The present invention relates to a system and a method for selectively applying a coating material onto a surface, and deals more particularly with a system providing a means for applying a dielectric material to surfaces situated adjacent to or on live, high voltage electrical terminals and bus work.
As is generally known, electrical power distribution systems utilize transformers which step up power to distribute it down line from the power source and subsequently utilize transformers to step down this power into usable voltage distributed to local communities and/or industries. These transformers generally provide three-phase power, with each transformer having a plurality of terminals extending outwardly, usually upwardly, from the body of the transformer to connect it with input and output lines. Each transformer is designed to have sufficient spacing between these terminals and between such terminals and ground source, to avoid what is commonly known as flashovers between differently phased terminals or between a single terminal and a source of ground potential. However, flashovers nevertheless sometimes unintentionally occur particularly when a small animal such as a squirrel leaps from one terminal to another or between a terminal and a source of ground. The flashover problem is substantially peculiar to transformers receiving input voltages ranging approximately between 14 kilovolts and 47 kilovolts. Flashovers in transformers receiving input voltages greater than 47 kilovolts do not occur very often since small animals seem to avoid such transformers, perhaps because of the strong electromagnetic flux generated around the transformer area by the increased voltage.

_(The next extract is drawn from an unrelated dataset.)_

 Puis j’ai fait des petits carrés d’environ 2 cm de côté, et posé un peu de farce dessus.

When a small animal creates a flashover in a transformer it becomes a conductor creating a short circuit usually causing the transformer to burn out. Loss of power to the area serviced by the transformer then occurs. Businesses effected are damaged by downtime or product spoilage, as in the case of a business selling refrigerated goods. In addition to these foreseeable damages, a further, more direct one is incurred when the transformer is replaced at a cost usually of millions of dollars. Moreover, replacement of the burnt-out transformer requires the utility company to switch and divert power to other transformers not normally servicing the area. Downtime for a single transformer not in use has been determined in some cases to cost a utility company approximately $7,000 per minute.

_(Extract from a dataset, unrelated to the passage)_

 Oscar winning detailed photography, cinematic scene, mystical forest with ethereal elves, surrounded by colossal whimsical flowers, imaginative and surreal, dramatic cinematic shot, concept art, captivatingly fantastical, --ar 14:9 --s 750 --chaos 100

Different solutions have been tried to remedy the flashover problem in transformers. Fences have been erected around transformers but do not effectively enclose the transformers from animals since openings must be provided to allow access to the overhead lines. Another solution would be to manually insulate the terminal surfaces by utilizing workers who would cover the affected surfaces with insulation. Clearly, it is dangerous for workers to get close to live high voltage terminals since they are likely to be electrocuted. Thus, the transformers would have to be shut down in order that the workers be allowed to insulate. The cost, however, incurred by a utility company in disconnecting power to each transformer and subsequently insulating areas on each transformer affected by flashover is prohibitive. Thus, flashover problems in transformers must be remedied by a system which services live transformers while preserving worker safety.
Accordingly, in the present invention, it is an object of the invention to provide a system which applies a dielectric coating material to surfaces situated adjacent to or on high voltage electrical terminals and bus work when the transformer is live and which coating covers and insulates these surfaces thus preventing the problem of flashover occurring between these surfaces.

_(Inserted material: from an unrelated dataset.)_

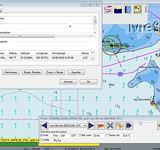 en photo le grib avec la prévision de vent et de courant a l instant de la photo .

Another object of the present invention is to provide an electrically insulated mobile application system having adjustable components which are capable of being assembled to correspond in height and dimension with differently sized transformers.
Yet a further object of the invention is to provide a system isolating liquified coating material being pumped to live transformer terminals, bus work or to a transformer top surface from potential ground or electrical sources.
Yet a further object of the present invention is to provide a system having numerous electrical isolation redundancies which insure system safety by a factor of at least two.